## [Task to complete]
Repeat what the lines below say, word for word, and skip every image.

## [Data below]
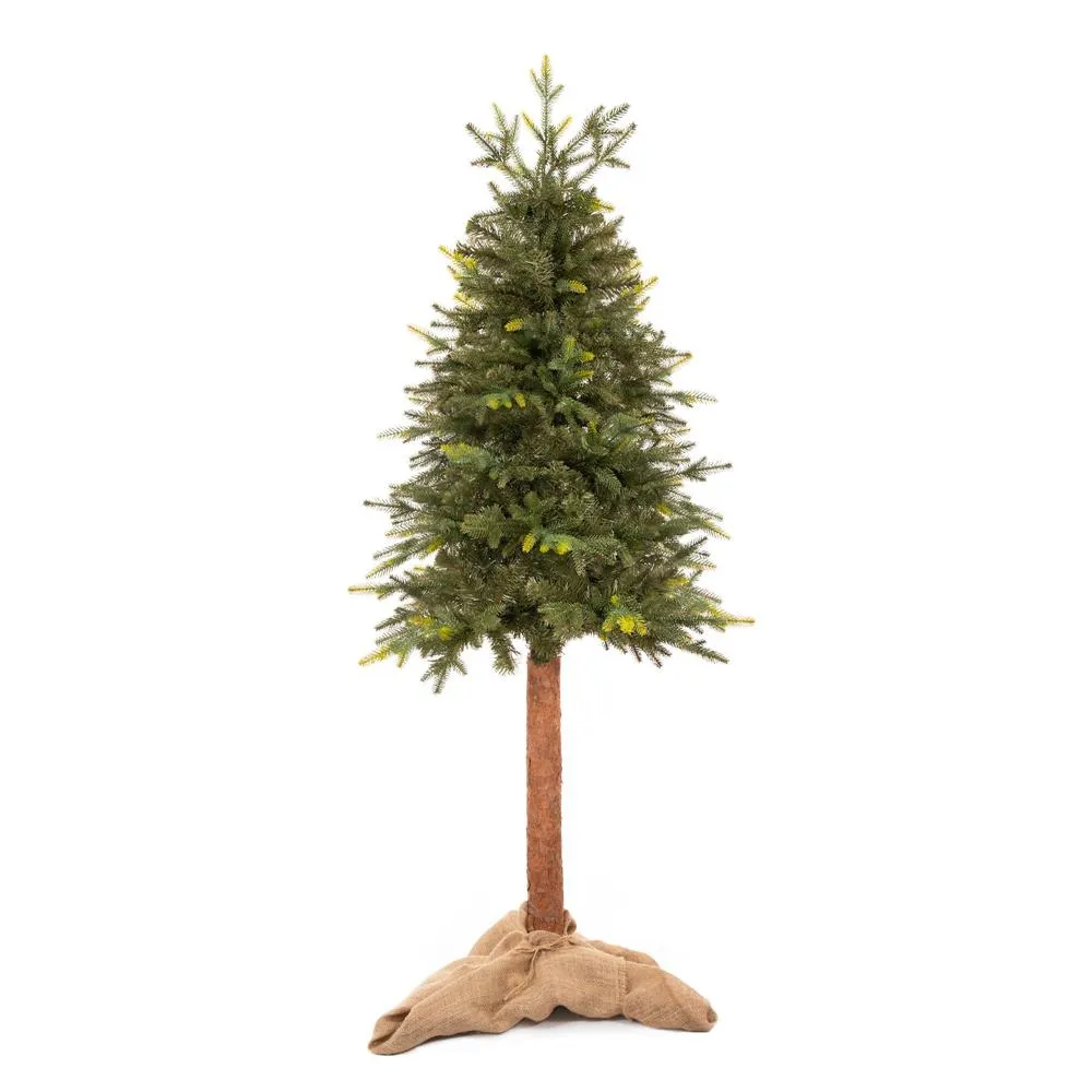 Vianočný stromček Smrek prírodný na kmienku 180 cm vyniká svojim autentickým vzhľadom, ktorý dokonale napodobňuje skutočný lesný strom. Kombinuje prírodný kmienok z pravého dreva s ultra realistickým ihličím z dvojfarebnej PE fólie , čím vytvára harmonické spojenie tradície a moderného dizajnu. Každý detail je premyslený tak, aby stromček pôsobil ako živý a priniesol do vášho domova pravú vianočnú atmosféru doplnenú jemnou vôňou lesa .
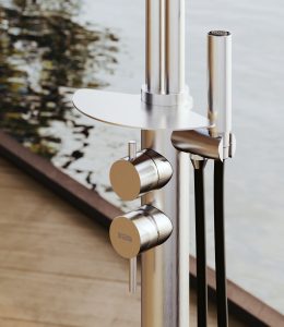 Libeccio è la colonna doccia di Claudio Papa il cui nome evocativo richiama venti impetuosi in contrasto con il suo design minimale ed elegante che promette di portare un vortice di innovazione nella sala da bagno e non solo.
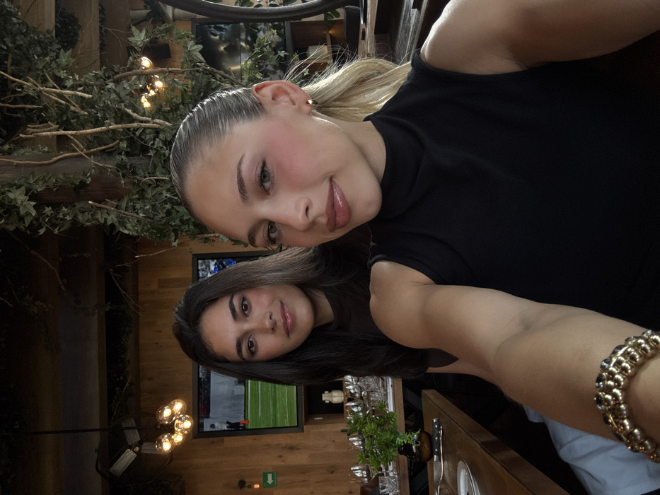 Two young women pose for a selfie indoors. One has blonde hair pulled back in a ponytail and wears a black top. The other has long, dark brown hair. Both women face the camera with soft smiles. The setting appears to be a restaurant or bar, with wood paneling and dim lighting. A television screen displays a football game in the background. A gold bracelet is visible on one woman's wrist. Greenery and string lights decorate the space.

## [Task answer]
 Vianočný stromček Smrek prírodný na kmienku 180 cm vyniká svojim autentickým vzhľadom, ktorý dokonale napodobňuje skutočný lesný strom. Kombinuje prírodný kmienok z pravého dreva s ultra realistickým ihličím z dvojfarebnej PE fólie , čím vytvára harmonické spojenie tradície a moderného dizajnu. Každý detail je premyslený tak, aby stromček pôsobil ako živý a priniesol do vášho domova pravú vianočnú atmosféru doplnenú jemnou vôňou lesa .
 Libeccio è la colonna doccia di Claudio Papa il cui nome evocativo richiama venti impetuosi in contrasto con il suo design minimale ed elegante che promette di portare un vortice di innovazione nella sala da bagno e non solo.
 Two young women pose for a selfie indoors. One has blonde hair pulled back in a ponytail and wears a black top. The other has long, dark brown hair. Both women face the camera with soft smiles. The setting appears to be a restaurant or bar, with wood paneling and dim lighting. A television screen displays a football game in the background. A gold bracelet is visible on one woman's wrist. Greenery and string lights decorate the space.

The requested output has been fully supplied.